Le délai constitue le point de friction le plus fréquent. Un dirigeant qui apprend le vendredi qu’un dossier doit être déposé le lundi met son interlocuteur dans une situation intenable : soit celui-ci signe sans contrôler, ce qui l’expose, soit il refuse, ce qui bloque le dossier. Anticiper de quelques jours suffit presque toujours à éviter ce blocage. Les demandes récurrentes, comme celles liées à un renouvellement annuel de dossier bancaire, gagnent même à être programmées à date fixe, dans la foulée de l’établissement des comptes, quand les éléments sont déjà réunis et vérifiés.

La lettre de mission qui lie l’entreprise au cabinet détermine ce qui est faisable rapidement. Un dossier suivi toute l’année contient déjà l’essentiel, et l’attestation se réduit alors à une mise en forme accompagnée de contrôles ciblés. Un dirigeant qui sollicite un professionnel avec lequel il n’a aucune relation suivie doit s’attendre à une mission préalable plus lourde, et à un coût correspondant. Ce point figure parmi ceux qu’il vaut mieux aborder au moment de choisir un cabinet, comme le rappelle le guide de sélection pas à pas.

Lire une attestation : les mentions qui comptent

Un dirigeant qui reçoit son attestation devrait la relire avant de la transmettre, et un tiers qui la reçoit devrait en vérifier quatre points. Le premier est l’identité complète du signataire et la mention de son inscription à l’Ordre des experts-comptables, sans laquelle le document perd l’essentiel de sa valeur. Le deuxième est le document daté lui-même, avec la période exactement couverte : une attestation portant sur un exercice clos deux ans plus tôt n’éclaire pas la situation présente.

Le troisième point concerne la description des travaux réalisés et de leurs limites.
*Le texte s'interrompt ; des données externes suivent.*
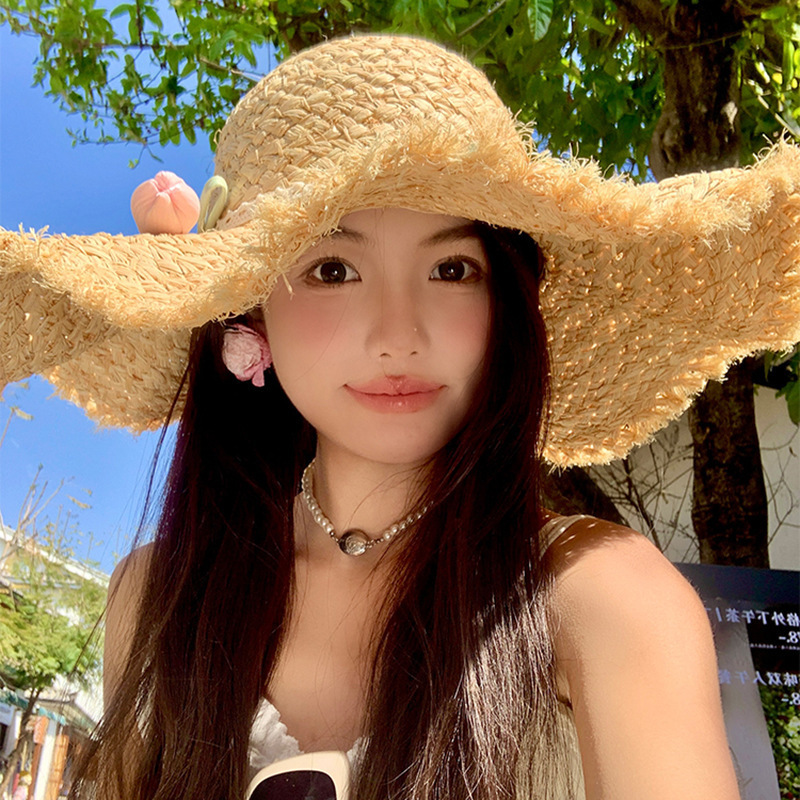 玫瑰花朵拉菲草帽女夏季超大帽檐草编遮阳防晒帽海边度假太阳帽子
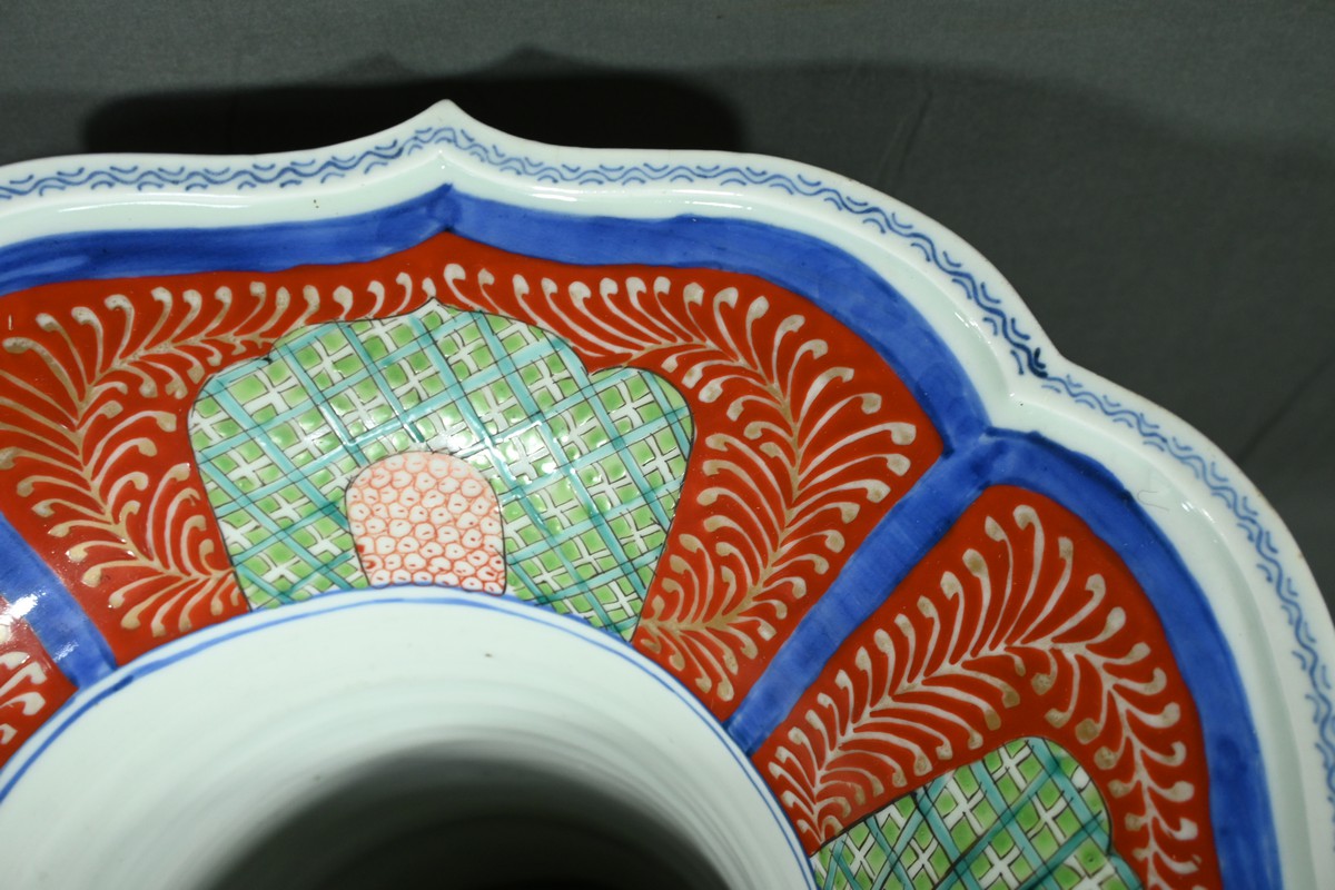 Le vase présente un bord chantourné et une collerette échancrée, ajoutant une touche d’élégance à sa forme.
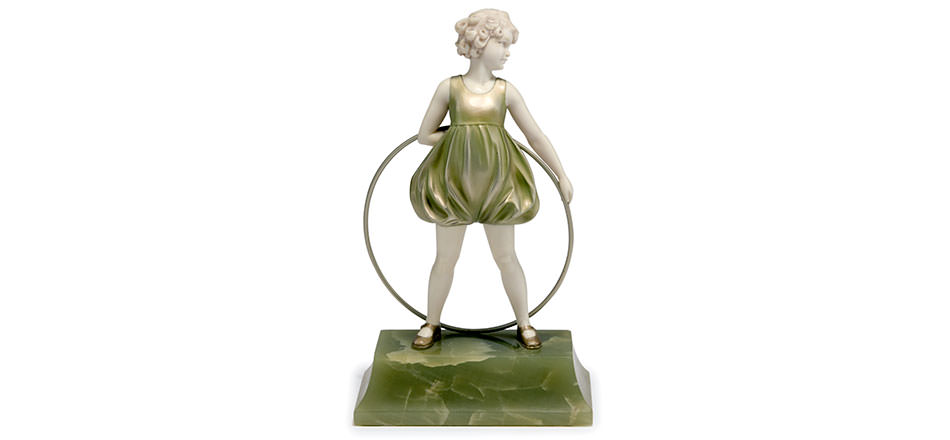 Schon auf der Leipziger Messe 1930 fand das Mädchen mit Reif ‚Hoop Girl’ von Ferdinand Preiss (€4.400-5.000) große Beachtung. Die umfangreiche Offerte von Bronzen und Chryselephantin-Skulpturen wird durch ein großes und hochkarätiges Angebot von Keramik- und Pozellanfiguren ergänzt. Zwei ‚Sommer‘-Putten von Michael Powolny werden in unterschiedlicher Bemalung mit €5.000-8.000 bzw. 6.000-9.000 angeboten. Eine große Rarität ist eine Modedame, die Annie Offterdinger 1914 für die Wächtersbacher Keramikmanufaktur schuf und die nun mit €5.000-6.000 im Angebot ist.

Une formulation sérieuse indique sur quelle base les chiffres ont été établis et précise que le document ne constitue pas une certification des comptes. Le quatrième point porte sur la formulation elle-même : les éléments attestés doivent être chiffrés, non ambigus, et rattachés à des documents identifiables.

Une attestation qui promet, qui rassure ou qui qualifie l’entreprise de solide sort de son rôle. Le registre est factuel, jamais commercial. La confusion entre document technique et argument de vente se retrouve d’ailleurs dans d’autres supports produits par les cabinets, comme le montre l’analyse des plaquettes de présentation, où le vocabulaire promotionnel prend le pas sur l’information vérifiable.

La question de la validité dans le temps se pose enfin régulièrement. Une attestation ne comporte pas de date de péremption officielle, mais les organismes destinataires appliquent leurs propres exigences, souvent de trois à six mois pour un dossier de financement. Réutiliser un document ancien pour une nouvelle démarche fait perdre du temps et jette un doute inutile sur la demande. Modifier soi-même un document signé, même pour corriger une coquille, constitue en revanche une faute grave : la signature engage le professionnel sur un contenu précis, et toute retouche postérieure vide le document de sa valeur.

Reste la question du coût. Une attestation simple, sur un dossier déjà suivi, se facture le plus souvent comme une prestation ponctuelle de faible montant, parfois incluse dans le forfait annuel selon le contrat. Une attestation complexe, nécessitant des travaux préalables, se rapproche du tarif d’une mission courte. Demander l’estimation avant de lancer la demande évite la surprise, surtout lorsque le dossier réclame plusieurs documents successifs.

Les règles applicables aux missions du chiffre, les obligations déclaratives et les exigences des organismes destinataires évoluent régulièrement. Elles se vérifient auprès des textes officiels ou du professionnel inscrit qui suit l’entreprise avant d’engager une démarche.